Personal information
- Full name: Robert John Barnshaw
- Date of birth: 14 March 1889
- Place of birth: Hebburn, County Durham, England
- Date of death: 30 January 1974 (aged 84)
- Place of death: Watford, Hertfordshire, England
- Position(s): Centre half

Youth career
- Hebburn Argyle

Senior career*
- Years: Team / Apps / (Gls)
- 1910–1911: Sheffield Wednesday / 0 / (0)
- 1911–1913: Hebburn Argyle
- 1913–1914: Sheffield United / 3 / (0)
- 1914–1921: Watford / 58 / (4)
- 1921–1922: Aberdare Athletic / 24 / (2)

= Bob Barnshaw =

English footballer

Robert John Barnshaw (14 March 1889 – 30 January 1974) was an English professional association footballer who played as a centre half in The Football League for Sheffield United, Watford and Aberdare Athletic.

After starting his career at hometown club Hebburn Argyle Barnshaw moved to Sheffield Wednesday but an injury prevented him from ever playing in the first team. Barnshaw returned to Hebburn Argyle despite Wednesday retaining his registration.

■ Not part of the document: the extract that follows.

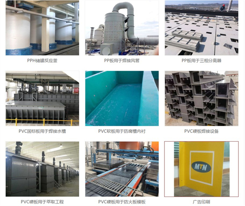 我公司拥有板材生产线,年生产能力强,公司主要产品为工程塑料,有PVC硬板、软板、透明板, PP板材、PPH板材、PE板、CPVC板、PPH缠绕罐、HDPE缠绕罐以及各种塑料焊条,并承接各种塑料焊接工程,公司配备大型雕刻机,为客户提供一条龙加工服务。其中PVC挤出厚板厚度可达60mm,工程板宽度可达2米。产品广泛应用于环保设备、化工、石油、电镀、矿山、电子、建筑、稀有金属和稀土萃取、食品、 航天以及广告印刷等多种行业。产品销售已覆盖全国各地。
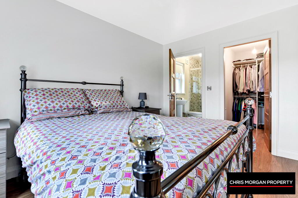 MASTER BEDROOM 5.8 X 4.2M WITH WOODEN FLOOR , ENSUITE 2.3 X 1.4 M WITH TILED FLOOR, WC , WHB AND SEPARATE SHOWER UNIT AND WALKIN DRESSING ROOM 2.5 X 1.3 M WITH RAILS .

He eventually transferred to Sheffield United for a total of £90 split between his two previous clubs.

After failing to make the break into the first team at Bramall Lane Barnshaw was sold to Watford after just one season for £50. During his first season at Watford, he played 11 games during Watford's 1914–15 title-winning season. He also played as a guest for Leeds City and Darlington during the First World War. before finishing his career at Aberdare Athletic.